- Try it
Here the job is to transcribe only the lines from the one containing "金多喜实木儿童斗柜原木带轮书柜家用卧室床头柜榉木收纳四抽屉柜" through the last line below, exactly as written; please leave out pictures.
══ Dataset excerpt
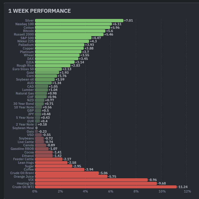 Silver led all 49 assets at +7.01%, the Nasdaq 100 advanced 6.11%, Cotton rose 5.96%, and Bitcoin gained 5.60%. The Russell 2000 climbed 5.46% to a record high. Metals averaged +4.09%, all five contracts higher for a third straight week. Equities averaged +4.15%, all seven indices higher for a second. The unifying thread was a weaker U.S. dollar, which slipped to multi-week lows as oil fell and rate-cut expectations firmed.
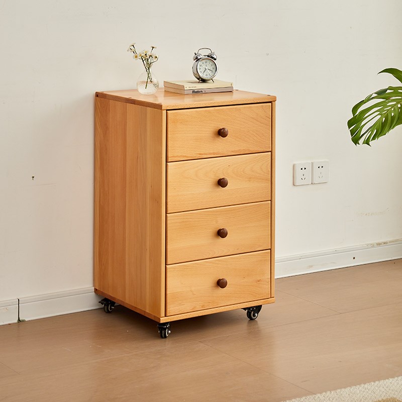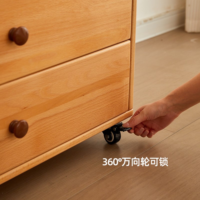 金多喜实木儿童斗柜原木带轮书柜家用卧室床头柜榉木收纳四抽屉柜
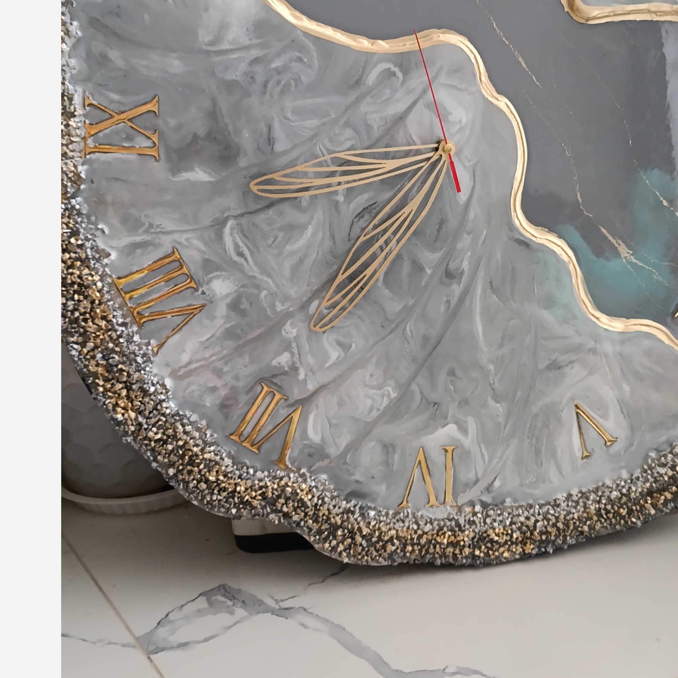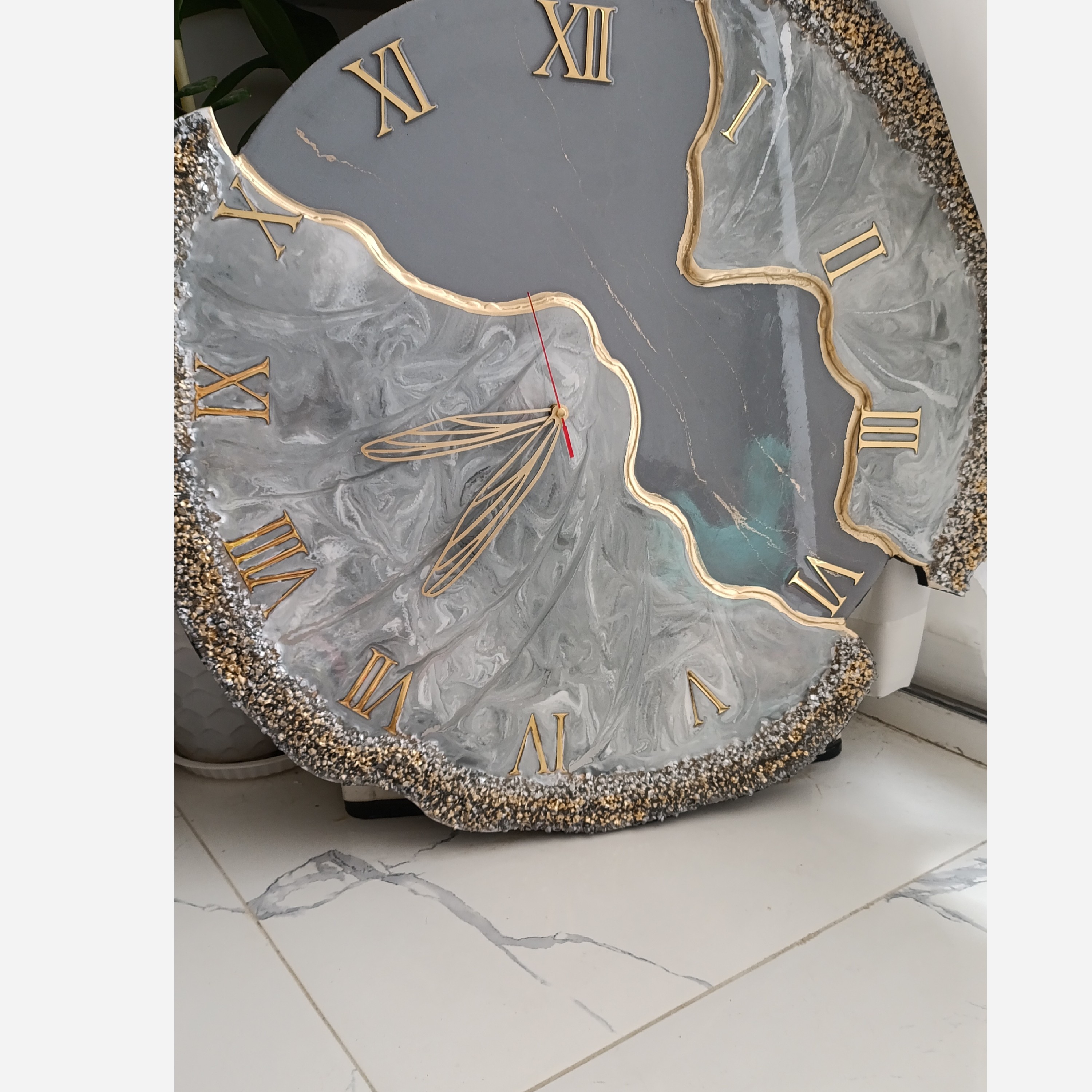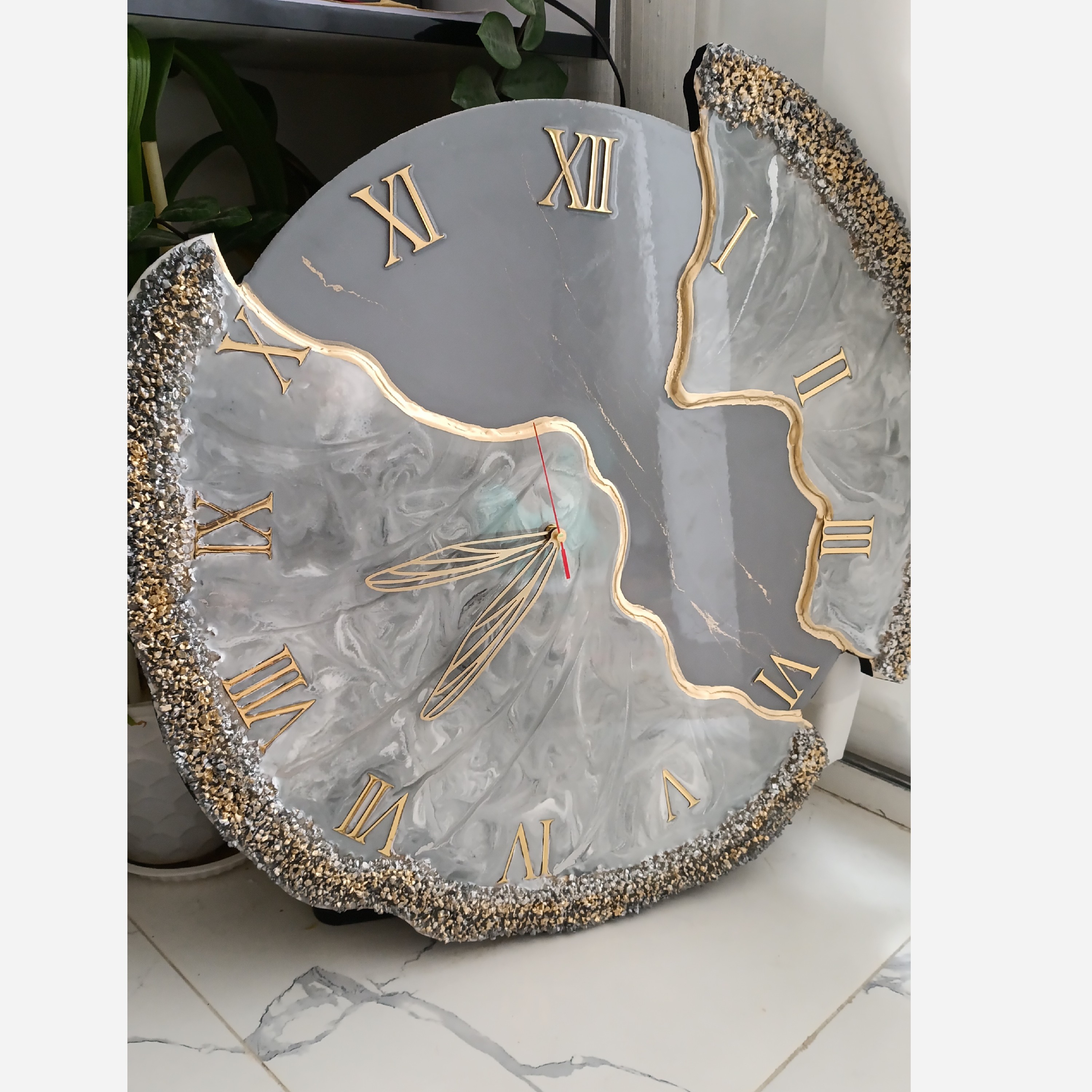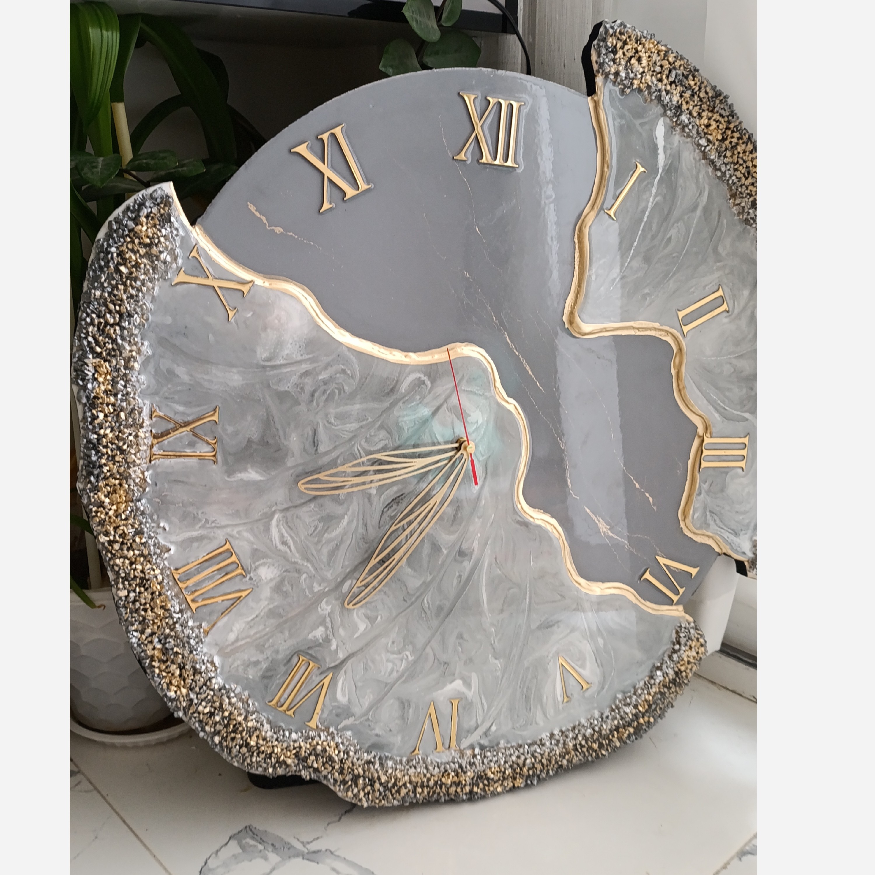 ساعت دیواری رزینی سایز 60 رنگ طوسی کار شده با پودرفلز نقره قابل اجرادر هرسایز ورنگی با موتور تایوانی آرامگرد
════
- Response below
 金多喜实木儿童斗柜原木带轮书柜家用卧室床头柜榉木收纳四抽屉柜
 ساعت دیواری رزینی سایز 60 رنگ طوسی کار شده با پودرفلز نقره قابل اجرادر هرسایز ورنگی با موتور تایوانی آرامگرد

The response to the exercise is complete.